**Supplied information:**
####################

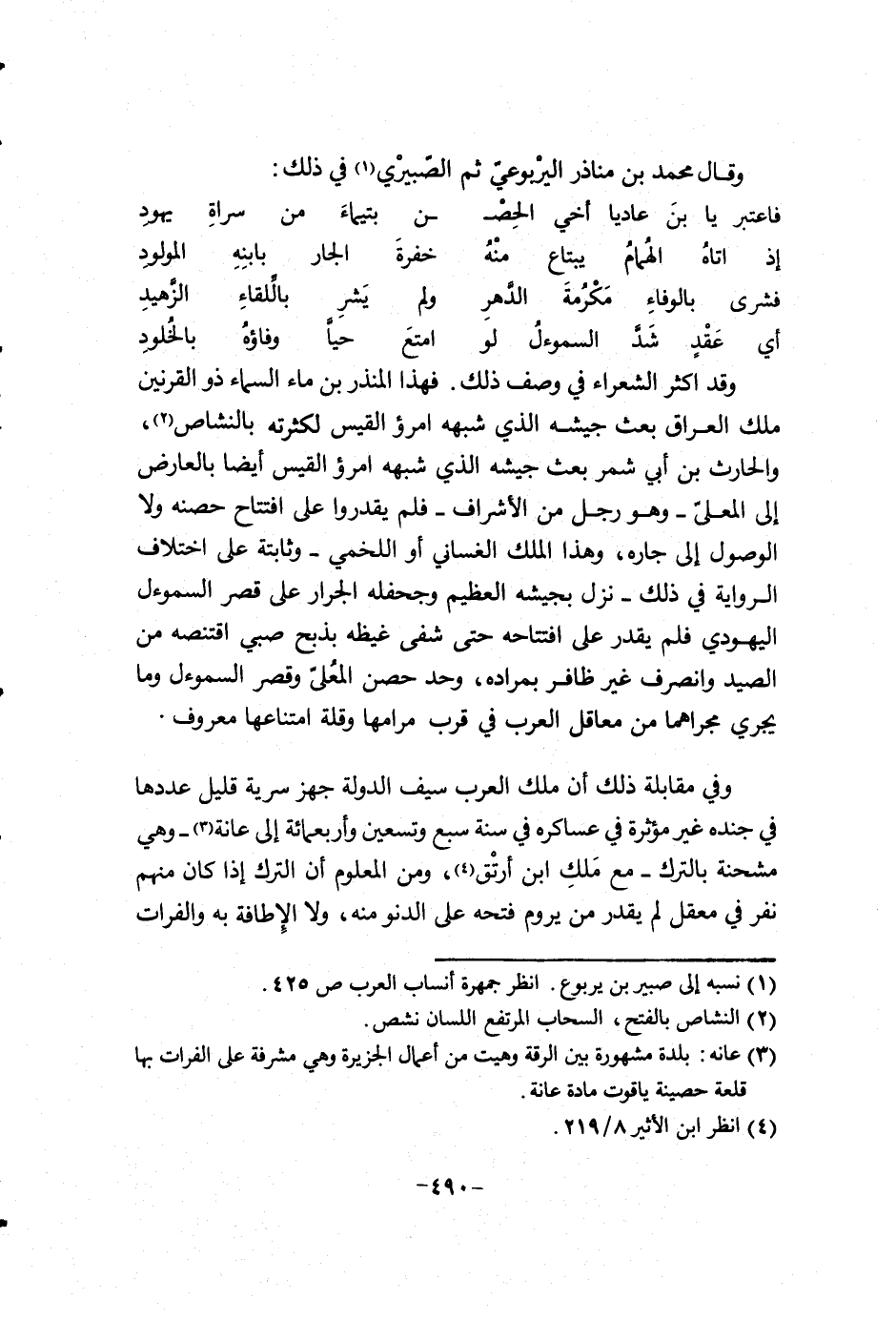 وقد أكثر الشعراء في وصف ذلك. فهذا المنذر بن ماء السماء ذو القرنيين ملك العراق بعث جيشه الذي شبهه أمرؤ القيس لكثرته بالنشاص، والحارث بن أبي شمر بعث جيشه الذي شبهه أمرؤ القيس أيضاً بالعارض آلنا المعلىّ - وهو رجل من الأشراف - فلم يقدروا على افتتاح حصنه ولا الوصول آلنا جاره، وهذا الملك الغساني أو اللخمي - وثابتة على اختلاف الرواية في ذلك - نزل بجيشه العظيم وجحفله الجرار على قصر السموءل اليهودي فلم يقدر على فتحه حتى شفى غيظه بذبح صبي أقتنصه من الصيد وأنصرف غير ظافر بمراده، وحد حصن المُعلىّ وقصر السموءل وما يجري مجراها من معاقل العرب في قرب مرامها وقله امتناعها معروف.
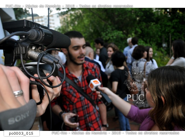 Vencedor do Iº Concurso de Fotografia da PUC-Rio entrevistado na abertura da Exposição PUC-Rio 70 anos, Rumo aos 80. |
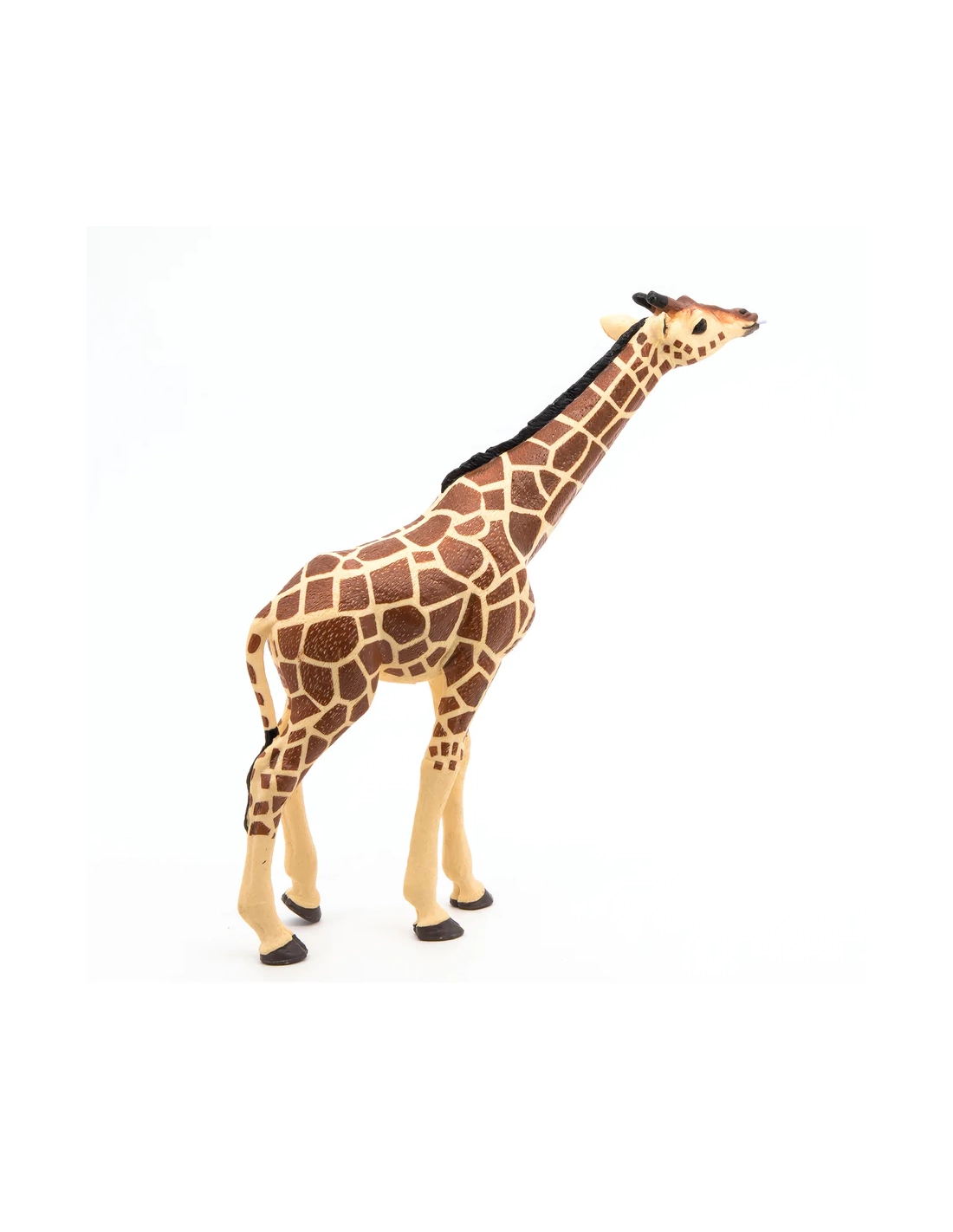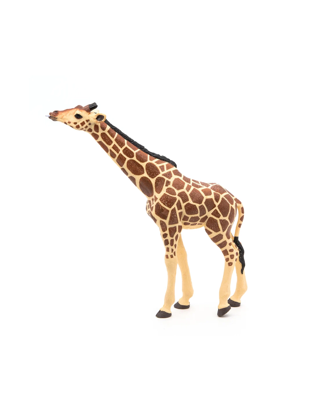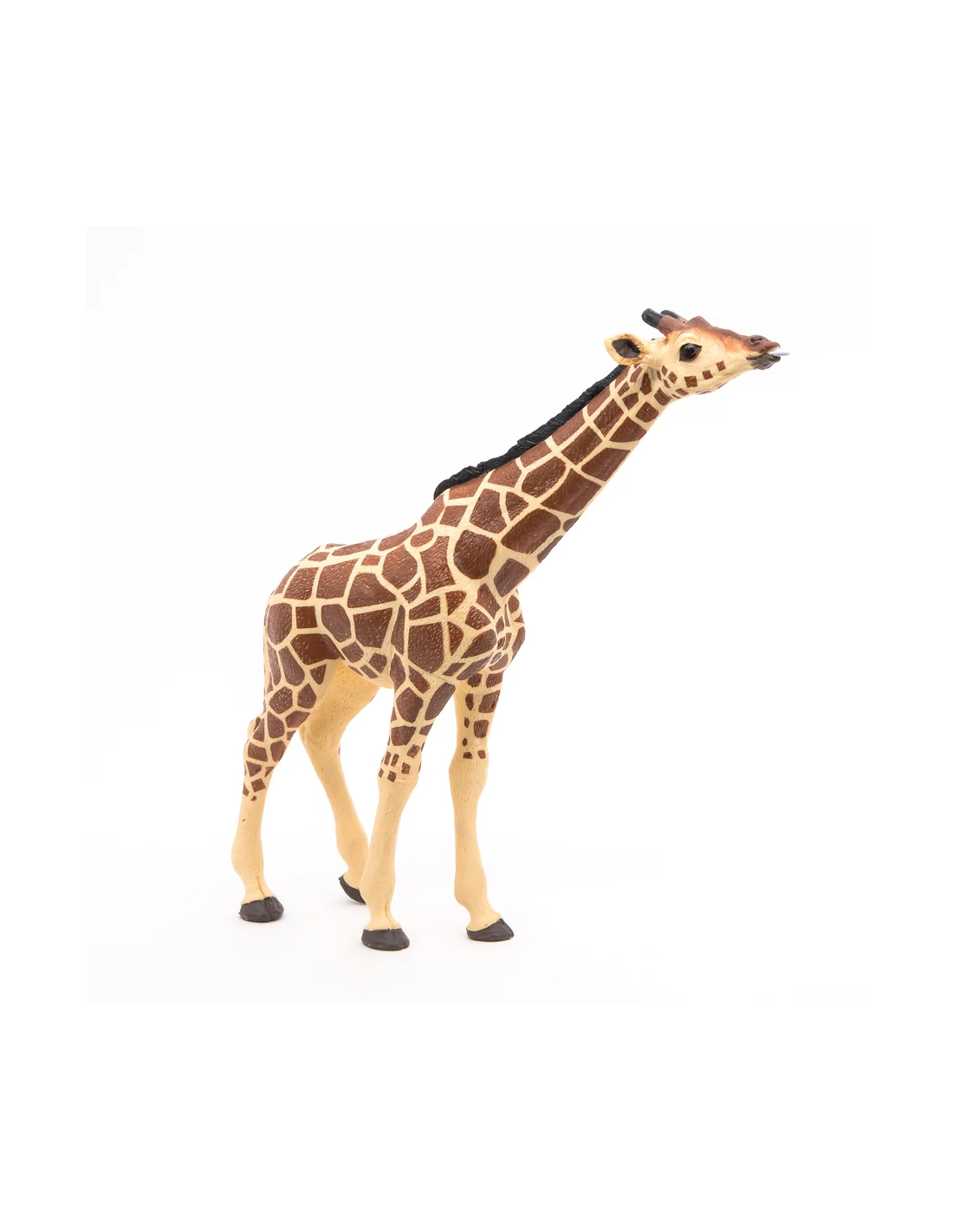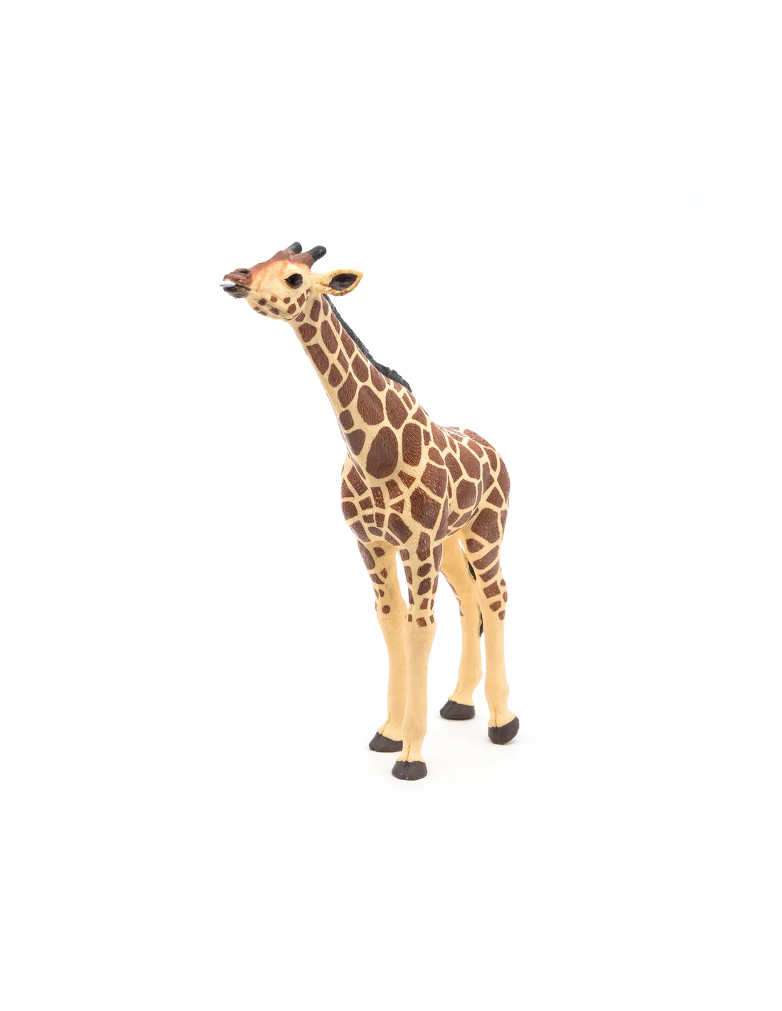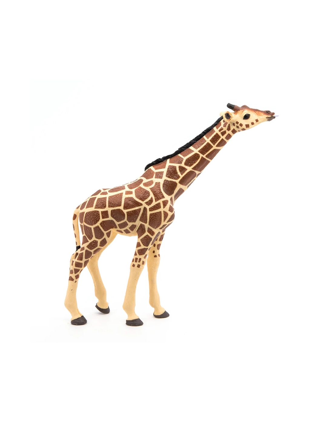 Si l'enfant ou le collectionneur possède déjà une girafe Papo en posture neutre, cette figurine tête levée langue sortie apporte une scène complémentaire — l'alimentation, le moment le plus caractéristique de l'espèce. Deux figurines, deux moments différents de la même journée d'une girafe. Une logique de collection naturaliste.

####################

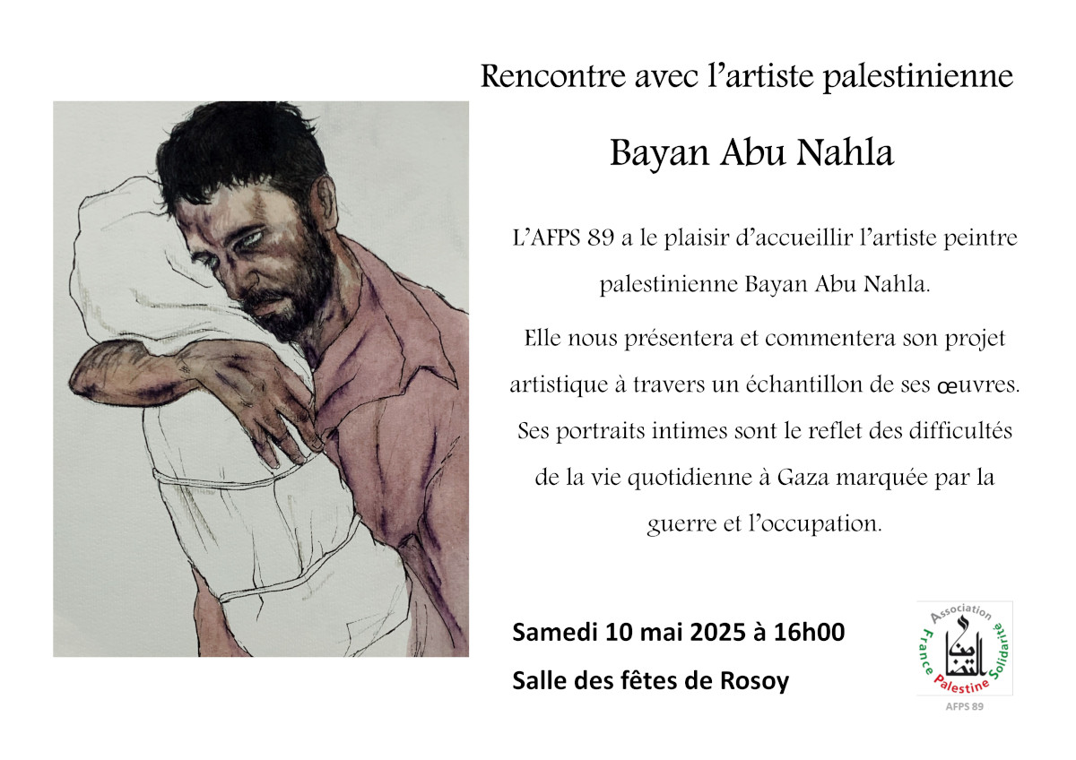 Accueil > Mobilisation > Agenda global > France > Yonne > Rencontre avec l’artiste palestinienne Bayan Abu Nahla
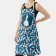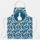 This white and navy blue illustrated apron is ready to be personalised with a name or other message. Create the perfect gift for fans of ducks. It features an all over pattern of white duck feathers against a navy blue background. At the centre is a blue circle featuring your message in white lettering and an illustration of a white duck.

####################

**Exercise description:**
Reproduce the entries exactly, from the line with "Accueil > Mobilisation" to the line with "This white and", both lines included, keeping no pictures.

**Task answer:**
 Accueil > Mobilisation > Agenda global > France > Yonne > Rencontre avec l’artiste palestinienne Bayan Abu Nahla
 This white and navy blue illustrated apron is ready to be personalised with a name or other message. Create the perfect gift for fans of ducks. It features an all over pattern of white duck feathers against a navy blue background. At the centre is a blue circle featuring your message in white lettering and an illustration of a white duck.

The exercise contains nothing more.